Electronic Design

Is Your Personal Computer A CUDA-Enabled Speed Merchant?

Sometimes I don’t hear a rumble until it becomes a roar. I’m not sure if CUDA has become a roar yet, but my ears have perked up based on a bunch of announcements I’ve received over the past few months. If CUDA hasn’t registered on your radar yet, here’s a brief summary.

CUDA, which stands for Compute Unified Device Architecture, is a C language environment developed by Nvidia Corp. (www.nvidia.com) to solve complex computational problems in a fraction of the time it usually takes using conventional methods. With CUDA, programmers can create software that taps into the many-core parallel processing power of graphics processors or GPUs.

For example, Manifold.net (www.manifold.net), which is a leading supplier of Geographic Information Services (GIS), has converted its software to the CUDA platform. With the CUDA configuration, calculations that previously took 20 minutes to complete are now done in 30 seconds, while those that took 30 to 40 seconds are now real-time. More importantly, I think, is the reaction of people like Dimitri Rotow, a product manager at Manifold.net.

“It is not an exaggeration to say that Nvidia CUDA technology could be the most revolutionary development in computing since the invention of the microprocessor,” Rotow said. “It’s fast, inexpensive, and loaded with potential. Nvidia CUDA is so important that all Manifold users should insist that the computer hardware they procure is CUDA-enabled.”

CUDA CENTER OF EXCELLENCE
Another news item that caught my eye concerned a collaboration between Nvidia and the University of Illinois at Urbana- Champaign (UIUC). Back in June, UIUC was named as the world’s first CUDA Center of Excellence. In addition to the appointment, Nvidia donated $500,000 to the university for the development of parallel computing facilities and the continuation of its research programs.

The Theoretical and Computational Biophysics Group at UIUC was one of the first research groups to leverage the parallel architecture of the GPU to accelerate its research in computational biophysics. It has successfully accelerated NAMD/ VMD, a popular parallel molecular dynamics application that analyzes large biomolecular systems.

“We’re very excited to partner with Nvidia and anticipate that together we will achieve breakthroughs in biomedicine, leading to a better understanding of disease and more effective treatments,” said Klaus Schulten, Swanlund Professor of Physics and director of the Theoretical and Computational Biophysics Group at Illinois (www.ks.uiuc.edu). “This generous gift will be a great stimulus for Illinois’ team of outstanding young programmers. It will help to extend their ranks and equip them with the necessary tools to advance computing in decades to come.”

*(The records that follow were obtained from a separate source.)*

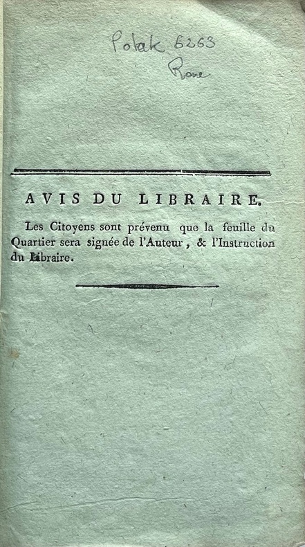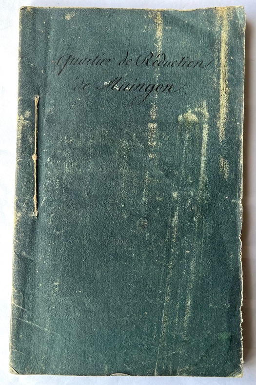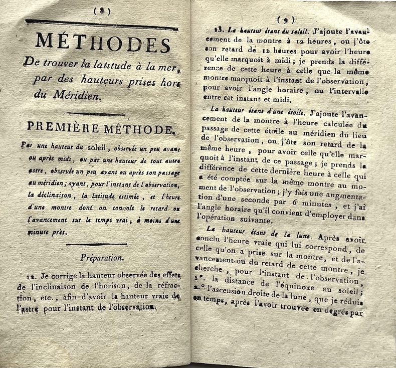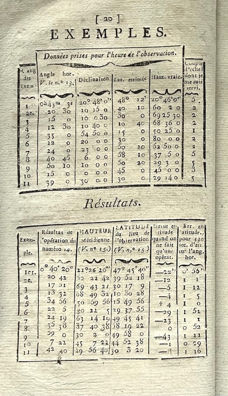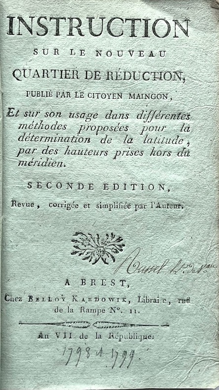 Rare publication imprimée à Brest à petit nombre, consacrée à une méthode de calcul de la latitude. Son éditeur, le citoyen Maingon, indique dans son introduction : « Les Navigateurs, courent souvent les plus grands dangers dans leurs atterrages, faute d'avoir une latitude observée : Cette considération a engagé quelques-uns des meilleurs Auteurs à proposer différentes Méthodes qui ne supposent point l'observation immédiate de la hauteur méridienne, et qui, appliquées dans des circonstances convenables, donnent, au défaut de cette hauteur, la latitude avec une exactitude suffisante. La même considération et le désir dêtre utile m'ont engagé aussi à faire quelques recherches dont les premières m'ont fait rencontrer une Méthode très. Simple, imprimée à Brest en 1788 » Louvrage présente différentes méthodes utilisant le quartier de réduction. Il comporte des tableaux dexemples à mi-page. Exemplaire conservé dans son état dorigine. Polak, 6263. 1 vol. 12mo (188 x 115 mm) of: [1] f. (Bookseller's notice), 58 pp.; 5 tables in the text. (Handwritten bookplate on title page: Aussel, Lieutenant de Vaisseau, small angular stain on last pages). Original blue paper binding with handwritten title in brown ink. (Signs of wear). Rare publication printed in Brest in small numbers, devoted to a method of calculating latitude. Its publisher, Citizen Maingon, states in his introduction: "Navigators often face the greatest dangers when approaching land because they do not have an observed latitude: This consideration has led some of the best authors to propose different methods that do not require immediate observation of the meridian height and which, when applied in suitable circumstances, give the latitude with sufficient accuracy in the absence of this height. The same consideration and the desire to be useful have also led me to conduct some research, the first results of which led me to discover a very simple method, printed in Brest in 1788..." The work presents various methods using the reduction quadrant. It includes tables of examples on half-pages. Copy preserved in its original condition. Polak, 6263.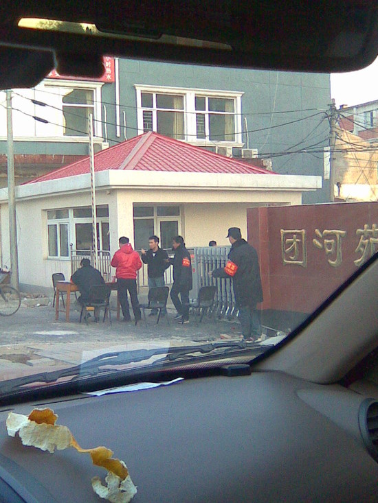 @wentommy:赵连海家所在的团河苑小区门口。居民要出示证件,访客要登记,若去雪梅家,还要核发通行证。我问中年男:为什么这么多看守?答:怕他们(赵连海家属)扰民。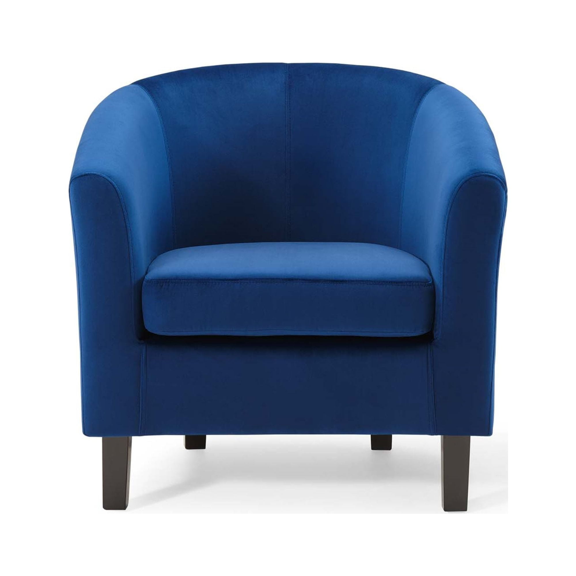 Material: Performance velvet, rubberwood Finish: Navy, black Modern barrel back armchair Dense foam padded seat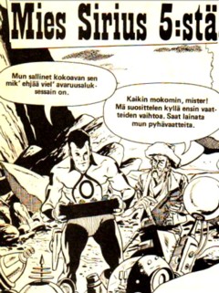 | Hopeanuoli - Mies Sirius 5:stä Alunperin saksalainen tuote Hopeanuoli (Silberpfeil) oli aikansa kova hitti. Värillisen intiaanilehden parasta antia nykypäivän lukijalle ovat kuitenkin mustavalkoiset täytepalat, jotka toivat hyvinkin mieleen Weird Western Tales (suomeksi Hurja Länsi ja Tomahawk lehdissä) tarinat, ollen kuitenkin astetta sopivampia lapsille. Aivan käsittämätöntä kalkkunaa täytepalojen seassa edusti Mies Sirius 5:stä, jossa Wander, kauppamaukustaja Sirius 5:stä, on pudonnut jonnekin Teksasin ja Meksikon rajalle. Hän pistää rajaseudun roistoja ojennukseen samalla kun yrittää saada avararuusalustaan taas lähtökuntoon. Sarjaa tekivät alunperin sellaiset sarjakuvan suurnimet, kuin Jim Aparo ja Denny O'Neil. Seitsemän jakson jälkeen ruoriin tarttui paljon suttuisampi tuhertaja Fred Himes.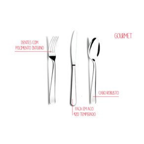 Com peças robustas e imponentes, a linha de talheres Gourmet traz sofisticação à mesa. A colher de chá é ideal para usar com xícaras ou canecas para adoçar e misturar sua bebida favorita. A estrutura e o cabo em aço inox superpolido tornam a peça altamente durável e resistente, não correndo risco de oxidar e podendo inclusive ir à máquina de lavar louça. De fabricação 100% nacional, os produtos da linha Gourmet aliam qualidade, beleza e preço justo. Este conjunto contém 12 peças.
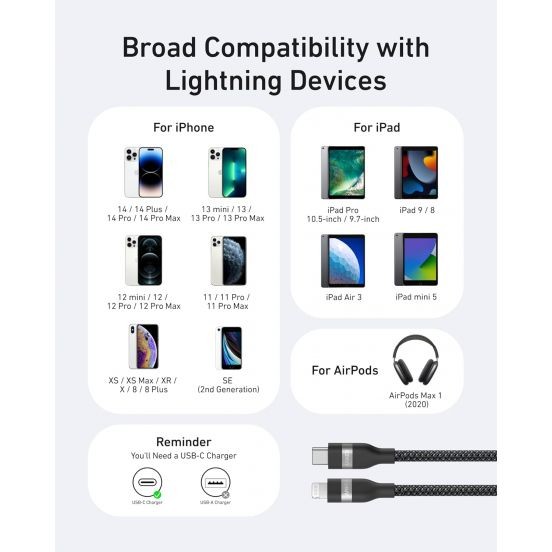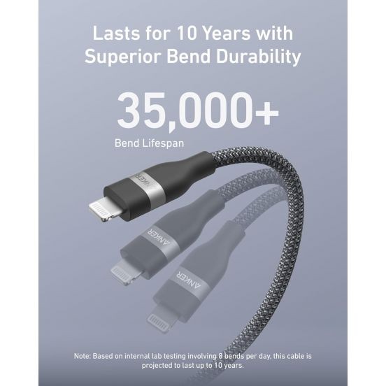 Anker Type-C To Lightning Cable 60W Fast Charging 0.9m, A82B2011 - Black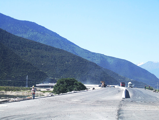 宋經理向我們介紹了林芝機場的工程情況,該工程是西藏林芝至米林機場的專用公路,於2014年7月開工建設,由北向南,起於八一鎮,終點是林芝米林機場,是西藏自治區公路網規劃“一環”的重要組成部分,也是重要的邊防公路。主要功能是地區行政中心八一鎮至朗縣、米林機場的重要通道,林芝地區聯係和溝通山南地區的對外重要出入口。西藏林芝至米林機場專用公路全長45.229公裏,共分兩個標段。A段從八一鎮二橋西橋頭至米林農場,Bduancongmilinnongchangzhimilinjichang,fenbieyouzhongjiaodiyigonglugongchengjuyouxiangongsihezhongjiaodiergonglugongchengyouxiangongsichengjian。xiangmucaiyongshuangxiangsichedaoyijigonglubiaozhunjianshe,shejixingchesudu80公裏/小時。其中橋梁14座,中特大橋梁3座。目前主體工程已經結束,正在進行麵層施工,該項工程將於2015年8月30日竣工通車。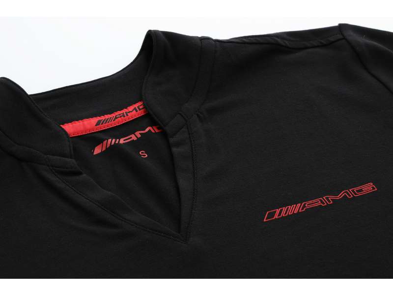 The AMG half-sleeved polo shirt in a black and red design with a stand-up collar and V-neck offers optimum comfort. It has a slim fit and is extremely lightweight, breathable and moisture-wicking. Mesh inserts in the lower side seam create a fashionable look. The printed AMG logo outline on the left chest area and the red neck tape with woven-in black AMG logo make the ladies' polo shirt an ideal companion for sport or leisure. Material: 88% Modal Micro (TENCEL™) from Lenzing / 12% elastane Sizes: XS-XL Collection: Mercedes-AMG Collection NOTES: - Bleach: Do not bleach. - Do not dry clean: Do not dry clean. - Dry: Do not tumble dry. - Ironing: Do not iron hot (110 °C). - Washing: Gentle wash cycle 30 °C, easy care.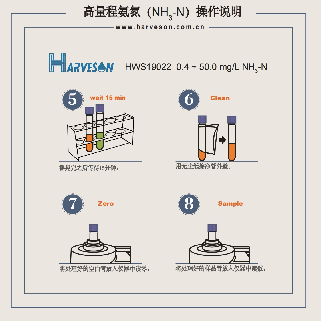 高量程氨氮(NH3-N)操作说明348072@abc6个月前发布关注私信1.13MB2页038高量程氨氮(NH3-N)操作说明此内容为付费资源,请付费后查看¥16¥23黄金会员免费钻石会员免费立即购买您当前未登录!建议登陆后购买,可保存购买订单付费资源 第1页 / 共2页 第2页 / 共2页 已完成全部阅读,共2页 THE END说明书手册 文本预览 高量程氨氮(NH,-N)操作说明www.harveson.com.cnHARVESANHWS190220.4~50.0mg/LNH3-N0.1mL2NH3-N(HR)(I)取出2支氨氮预制管,其中一支加对已加入空白和水样的试管中分别0.1mL超纯水作为空白值,另一支加入一包氨氮HR)①粉包并等待2加o.1mL待测水样。分钟。3NH3-N(HR)(II)Shake再向空白和水样的试管中分别加入摇晃试管使粉末溶解。一包氨氮HR)四粉包。 查看更多 收起部分 喜欢就支持一下吧收藏

SIGNAL INTEGRITY SIMULATIONS
Last month, Agilent Technologies announced that it is working with Nvidia to accelerate signal integrity simulations using CUDA-based GPUs. The association is expected to yield the commercial release of a GPU-enabled Advanced Design System (ADS) Transient Convolution Simulator. As a result, signal integrity designers will be able to run these simulations dramatically faster than was previously possible.

“We’re very pleased to be working with Nvidia to both speed up their design cycles today and to help our customers solve their signal integrity problems much faster in the future,” said Colin Warwick, product marketing manager with the EEsof EDA division of Agilent. “In this case, Nvidia itself is the lead customer for this new blending of technologies.”

“Using Agilent’s new CUDA-enabled tools, our engineering team was able to simulate our data path in parallel,” said Tommy Lee, vice president of System Design and Manufacturing at Nvidia. “We achieved a 14-times improvement in simulation time, sped up our NPI (new product introduction) process, and further increased our design velocity.”

CUDA is available free from Nvidia via download from its site. Millions of CUDA-capable GPUs have already been deployed as well. Nvidia also recently launched CUDA U, a new section on CUDA Zone (www.nvidia.com/cuda).

Designed for students, instructors, and developers, CUDA U hosts educational resources for the CUDA programming environment. The site contains instructional material, syllabuses and curricula, and information on schools and programs that offer CUDA instruction. CUDA U can be found at www.nvidia.com/object/cuda_education.